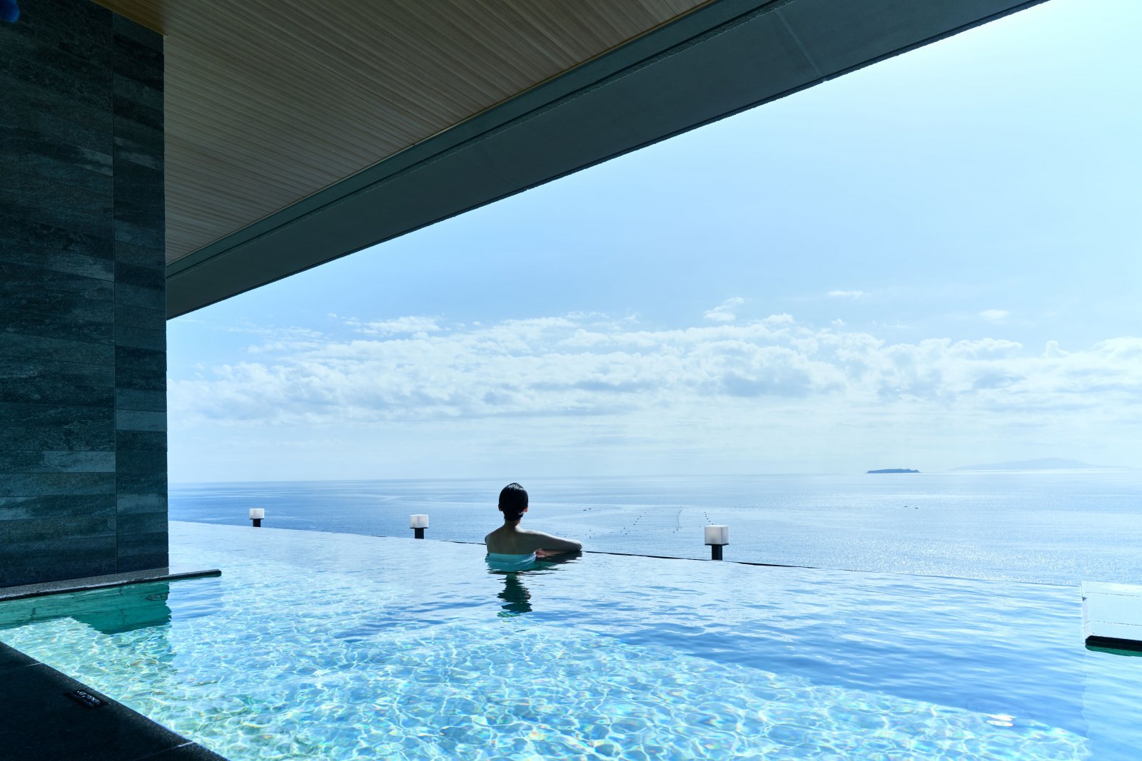 ラウンジにはテラスも併設され、そこにはまるで海と一体となるかのような水盤が広がり、心地よい潮風に包まれる。ここではぜひ、この眺望に酔いしれながら足湯に浸かりたい。都会の喧騒を忘れ、心身を非日常へと誘うスイッチになるはずだから。
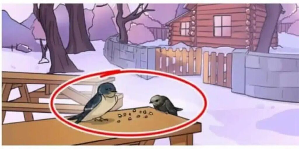 Si vous avez déjà observé l’image, vous constaterez que tout semble parfaitement ordinaire. La neige tombe doucement, la fumée s’échappe tranquillement de la cheminée, et les arbres sont dénués de feuilles. Mais… il y a un détail qui cloche. Comme quand vous cherchez vos lunettes, sans les voir sur votre nez, ce détail vous a peut-être échappé.
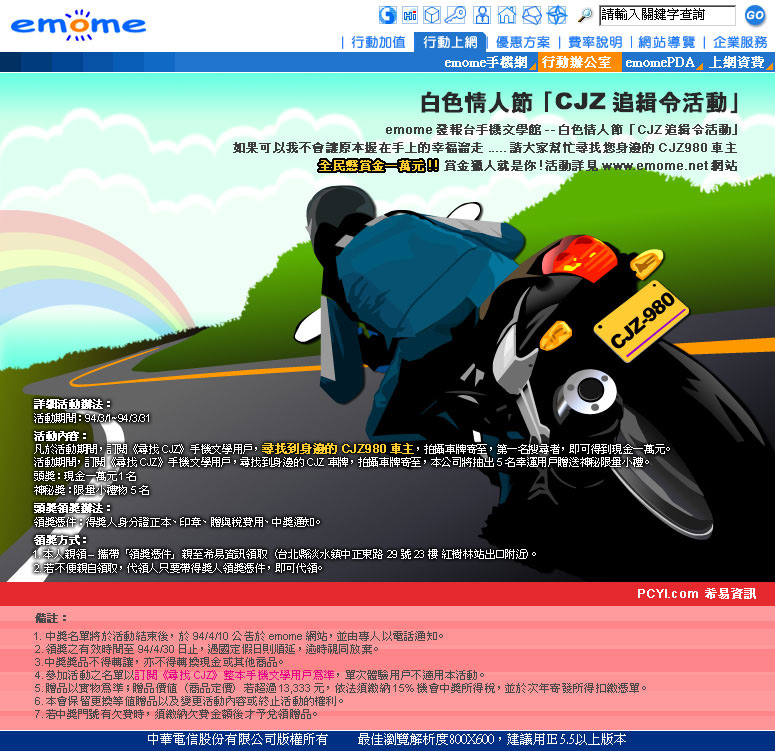 與中華電信emome合作的白色情人節活動。
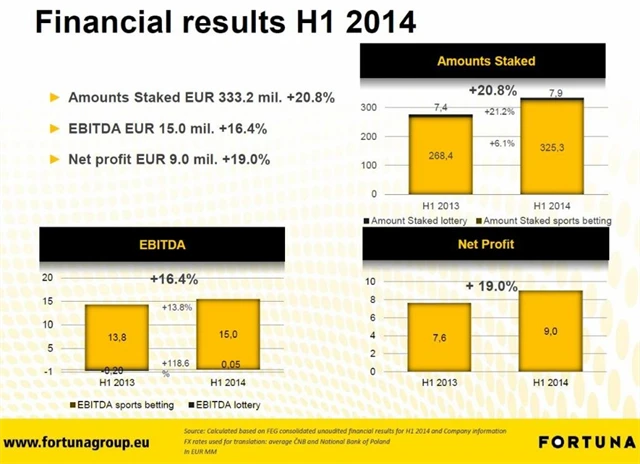 Sázkové kanceláři Fortuna v prvním pololetí letošního roku vzrostl zisk před zdaněním, úroky a odpisy (EBITDA) o 16,4 % na 15 milionů eur. Čistý zisk stoupl dokonce o 19 % na 9 milionů eur. Celkový objem přijatých sázek se zvýšil v meziročním srovnání o 20,8 % na 333,2 milionu eur. Za růstem zisku podle společnosti stojí vyšší aktivita internetových sázkařů na všech třech trzích.
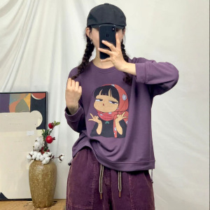 卡通女孩卫衣女 2025秋新款韩版宽松休闲下摆抽绳长袖上衣 2512
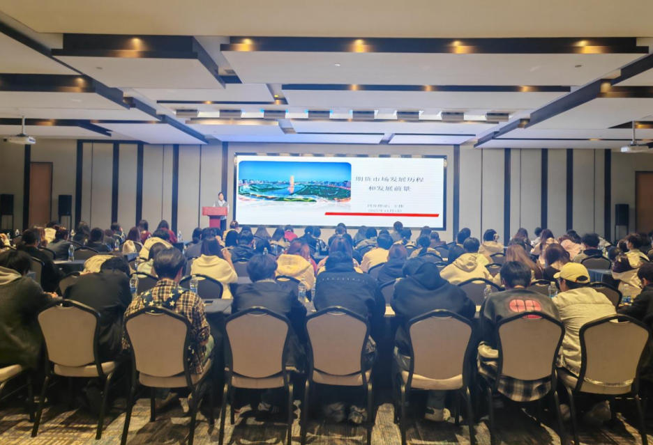参观结束后,兴业期货河南分公司负责人路璐、河南同舟棉业期货研究院副院长王伟分别开展专题讲座,讲座以“中国期货市场发展历程与郑州期货市场现状”为核心,为新生们搭建起系统的行业认知框架。讲座开篇,王伟首先从期货的名字来源讲起,结合历史背景解释“期货”一词的含义——“期”即“未来、约定时间”,“货”指“商品、资产”,期货本质是“约定在未来特定时间交割特定商品或资产的标准化合约”,这一通俗解读让新生快速理解名称与核心属性的关联。路璐进一步阐释期货的核心用途,说明期货最初是为解决“农民担忧未来粮价下跌、商人担忧未来粮价上涨”的供需矛盾而生,通过提前锁定交易价格,帮助产业链上下游主体规避价格波动风险,随着市场发展,其用途逐步拓展到“价格发现”,为市场提供公允的未来价格预期,成为实体经济风险管理的重要工具。在期货发展前景部分,王伟提炼三大核心方向:一是技术赋能,人工智能、大数据等技术融入交易全流程,提升市场效率与风险管理精准度;二是开放深化,中国期货市场扩大境外参与、丰富国际化品种,更深度融入全球市场,参与国际定价;三是功能拓展,突破传统边界,向绿色金融、乡村振兴、产业链协同等领域延伸,强化服务实体经济价值。
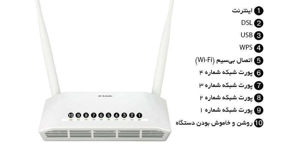در قسمت جلویی این مودم-روتر، یک قسمت پنجرهایشکل قرار دارد که برای خنکشدن دستگاه و زیبایی بیشتر در آنجا تعبیه شده است. میتوانید در قسمت بالای این قسمت پنجرهایشکل، تعدادی LED را ببینید که هرکدام به منظوری طراحی شدهاند. از قسمت روبهرو که به این محصول نگاه کنید، از سمت چپ اولین LED مربوط به پاور (Power) است و برای نمایش اتصال صحیح آداپتور برق به دستگاه و روشن و خاموشبودن آن به کار میرود. در کنار LED پاور 4 عدد LED با اعداد 1 تا 4 قرار گرفتهاند که نمایانگر 4 پورت شبکهی محصول هستند. اگر از پورتهای شبکه استفاده کنید، بسته به اینکه از کدام یک از آنها استفاده کرده باشید، چراغش روشن میشود و به شما نشان میدهد که از کدام یک از آنها استفاده کردهاید و این پورتها درحالحاضر فعال هستند یا فعال نیستند. بعد از LEDهای شبکه LED اتصال بیسیم (Wi-Fi) قرار دارد که برای نمایش فعالبودن اتصال بیسیم به کار میرود. در کنار این LED میتوانید LED مربوط به WPS را بیابید که به شما روشن یا خاموشبودن WPS را نشان میدهد. بعد از کمی فاصله LED مربوط به رابط USB را میبینید که وقتی یک دستگاه را به پورت USB متصل کنید، روشن میشود. نشانگر LED بعدی مربوط به DSL است و هنگامی که از حالت چشمکزن به حالت ثابت دربیاید، یعنی سرویس ADSL به خط تلفنی که مودم-روتر به آن متصل بوده، وصل شده است. اما آخرین LED برای نمایش اتصال اینترنت است. اگر مودم شما به اینترنت متصل شده باشد، این LED به رنگ سبز درمیآید؛ در غیر این صورت این LED به رنگ قرمز میماند و به شما نشان میدهد که دستگاه شما هنوز به اینترنت متصل نشده است.
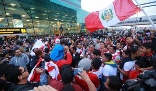 ERP. Cientos de hinchas de la selección peruana llegaron al aeropuerto Jorge Chávez para brindar su respaldo a Paolo Guerrero, suspendido 30 días tras un resultado analítico adverso en un control "antidoping".
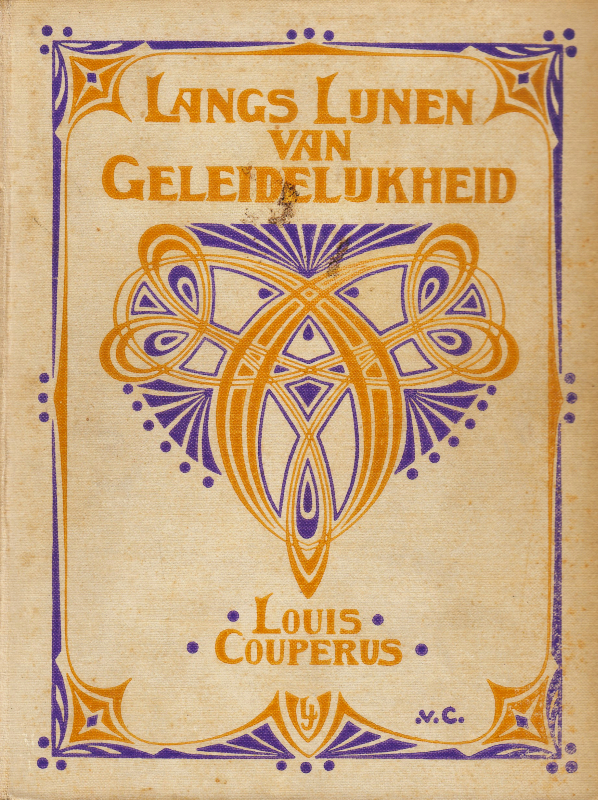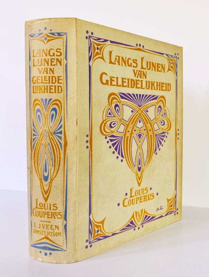 5. COUPERUS, Louis Langs lijnen van geleidelijkheid. Amsterdam, Veen, [1900]. Gedecoreerd linnen (ontwerp J.G. van Caspel). (4), 240; (4), 216 p. 1e druk. Rug wat verkleurd. Voorschutblad uitgescheurd. Buitenste bladen wat roestig.
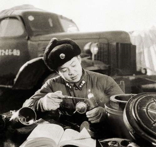 這是雷鋒(左三)向戰(zhàn)友傳授安全行車(chē)和節(jié)油的經(jīng)驗(yàn)(資料照片)。新華社發(fā)
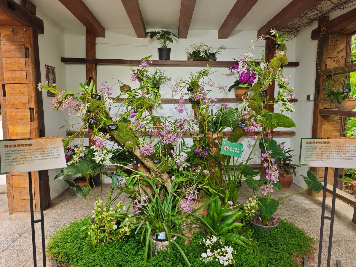 本年度的兰花展以“自然之兰 大自然的馈赠”为主题,延续了往届兰花展的经典构思,并在多个细节加以创新,重点打造了“蝶之序曲”、“热带兰花掠影”、“科研保育守兰韵”、“社区共护传傣香”、“兰谱华章”等10个小展区,集中展示了来自全球各地的200多种兰花原生种或园艺品种。通过模拟兰花的原生生态环境精心布置,让游客仿佛置身于热带雨林之中,并结合科普展板、互动体验等方式,向公众普及兰花的生态习性和保护知识,呈现一场融合美学与科学,集兰花的风姿、保护成果与文化内涵相结合的兰花盛宴。本次兰花展重点打造的10个小展区遍布在荫生植物园的各个角落,请随我一起来欣赏吧。
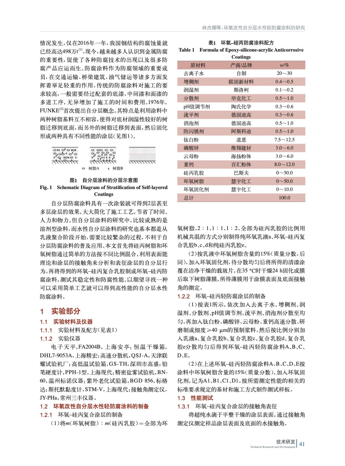 環(huán)氧改性自分層水性輕防腐涂料的研究
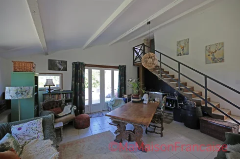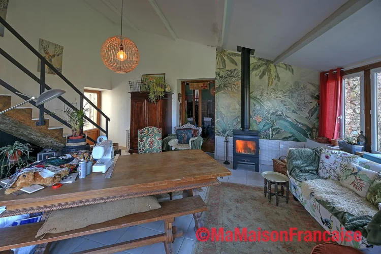 You enter the property via electric gates leading to a large gravelled driveway with parking for several vehicles. Entrance hall with tiled floor, door to side, french doors to front. Open plan living/dining room with tiled floor, Charentaise fireplace with pellet stove, glazed door to hall and 3 windows to the front overlooking the pool, exposed stone walls and beams. To the rear is the fully fitted breakfast kitchen with door to side, french doors to the rear garden with long reaching views, range cooker with cooker hood, and high ceiling with beams. Double aspect lounge with tiled floor, stairs up to first floor, small kitchen, double french doors to the rear, 3 windows to the side, wood burning stove and double height ceiling. Large living room with tiled floor, 2 windows to the side and 2 more at a higher level overlooking the pool area, high ceiling, wood burning stove and exposed stone walls. Inner hall leads to a bedroom with Charentaise fireplace, tiled floor, beams and door and window to the front overlooking the pool. Next to the bedroom is a shower room with toilet and vanity sink. Laundry room with door to side and useful separate toilet.
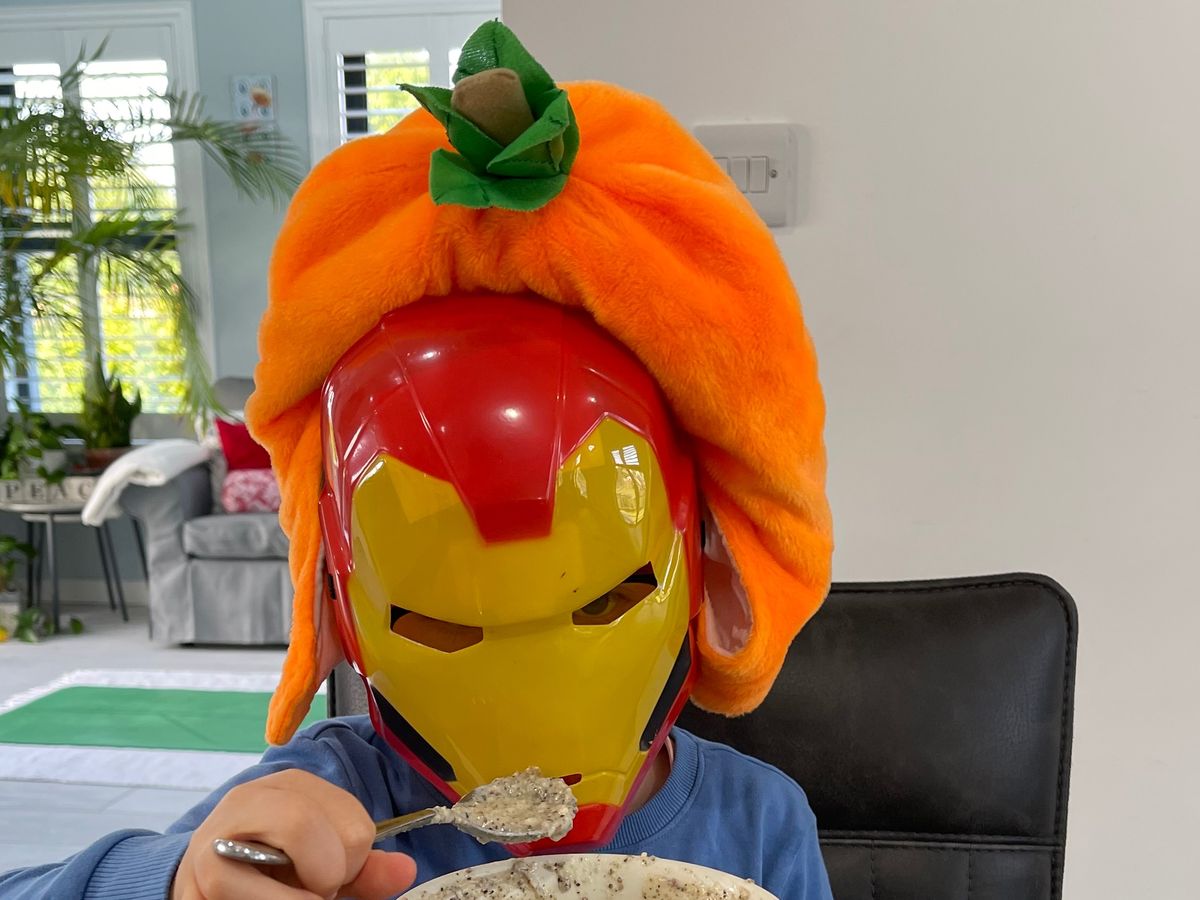 This is Reuben. He is 8 and has Down Syndrome. He LOVES to have the craic as you can see from this photo, where he is trying to eat his porridge thru his Halloween mask :)
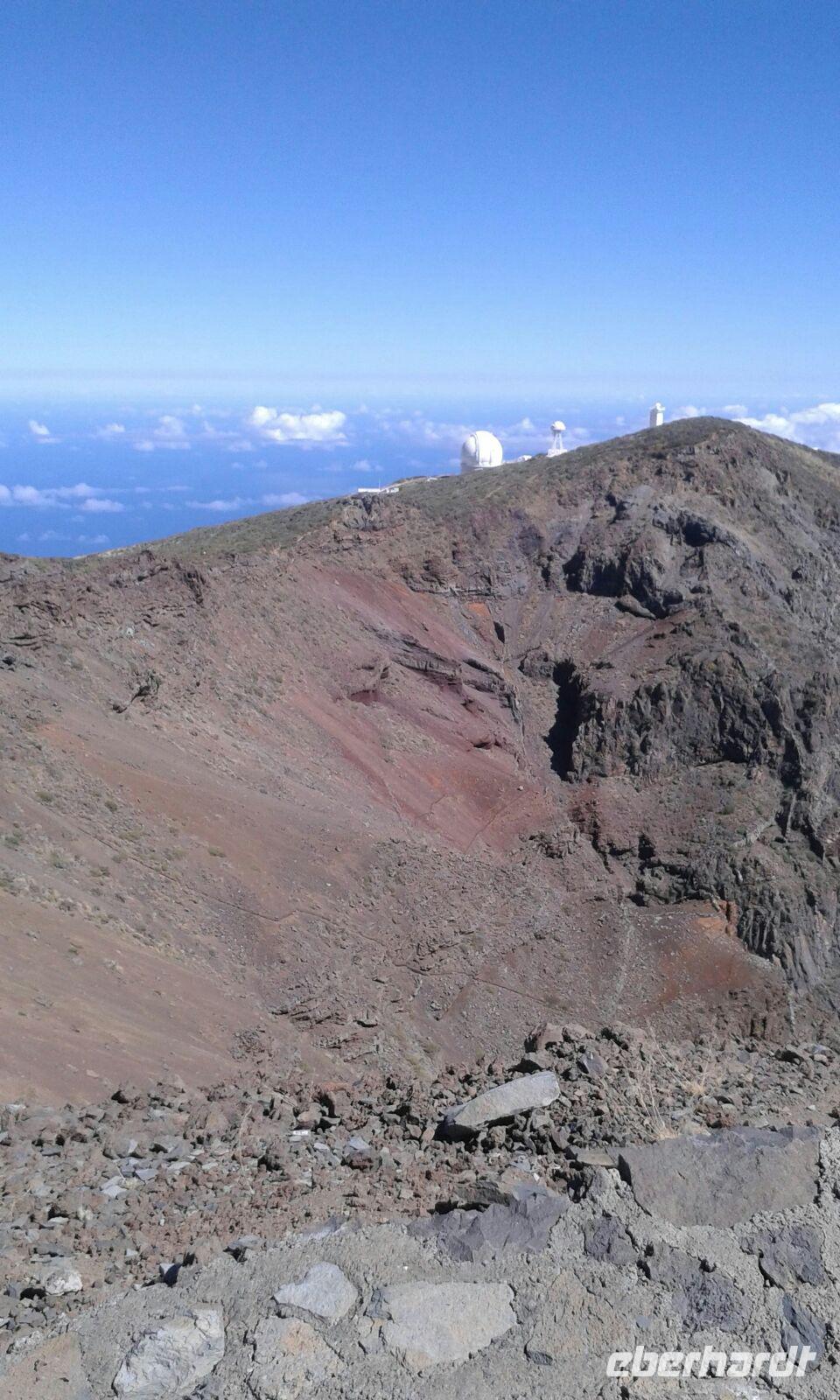 Wir fuhren an den verschiedenen Sternwarten, wo Wissenschaftler aus der ganze Welt arbeiten, vorbei. Wir können nicht vergessen, dass zusammen mit Hawaii und Teneriffa, sich hier die beste Sternenwarte und die größten Telekospe der Welt, wie der Gran TECAN, befinden. Oben auf dem Roque de los Muchachos (oder Knaben Felsen) spazierten wir wie auf einem anderen Planeten. Wir sind wörtlich... über den Wolken und nur Sonne, Sonne, Sonne. Viele von uns erlebten sowas zum ersten mal. Sogar das Licht hier oben ist anders.
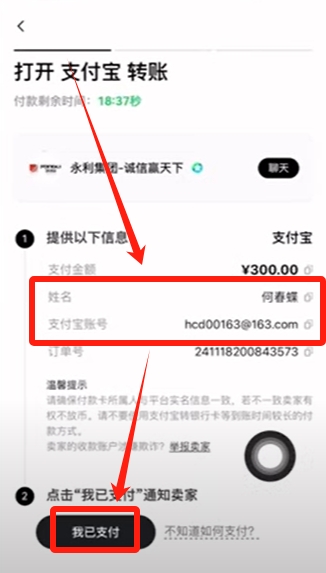 商家给我们发了一条消息,我们点击【聊天】看一下商家都输了什么,把这些相关的要求都看一下。其实他核心说的就是必须要使用你自己的账户来给他进行转账,而且不能提供任何造假的东西,总之就是不能进行任何违法的操作。我们就点击【 去付款】。

* * * *

• **What the task asks**: Your response must consist of the lines from the beginning of the data through the line containing "卡通女孩卫衣女 2025秋新款韩版宽松休闲下摆抽绳长袖上衣 2512", transcribed exactly, with no pictures.

• **Result of the task**:
 ラウンジにはテラスも併設され、そこにはまるで海と一体となるかのような水盤が広がり、心地よい潮風に包まれる。ここではぜひ、この眺望に酔いしれながら足湯に浸かりたい。都会の喧騒を忘れ、心身を非日常へと誘うスイッチになるはずだから。
 Si vous avez déjà observé l’image, vous constaterez que tout semble parfaitement ordinaire. La neige tombe doucement, la fumée s’échappe tranquillement de la cheminée, et les arbres sont dénués de feuilles. Mais… il y a un détail qui cloche. Comme quand vous cherchez vos lunettes, sans les voir sur votre nez, ce détail vous a peut-être échappé.
 與中華電信emome合作的白色情人節活動。
 Sázkové kanceláři Fortuna v prvním pololetí letošního roku vzrostl zisk před zdaněním, úroky a odpisy (EBITDA) o 16,4 % na 15 milionů eur. Čistý zisk stoupl dokonce o 19 % na 9 milionů eur. Celkový objem přijatých sázek se zvýšil v meziročním srovnání o 20,8 % na 333,2 milionu eur. Za růstem zisku podle společnosti stojí vyšší aktivita internetových sázkařů na všech třech trzích.
 卡通女孩卫衣女 2025秋新款韩版宽松休闲下摆抽绳长袖上衣 2512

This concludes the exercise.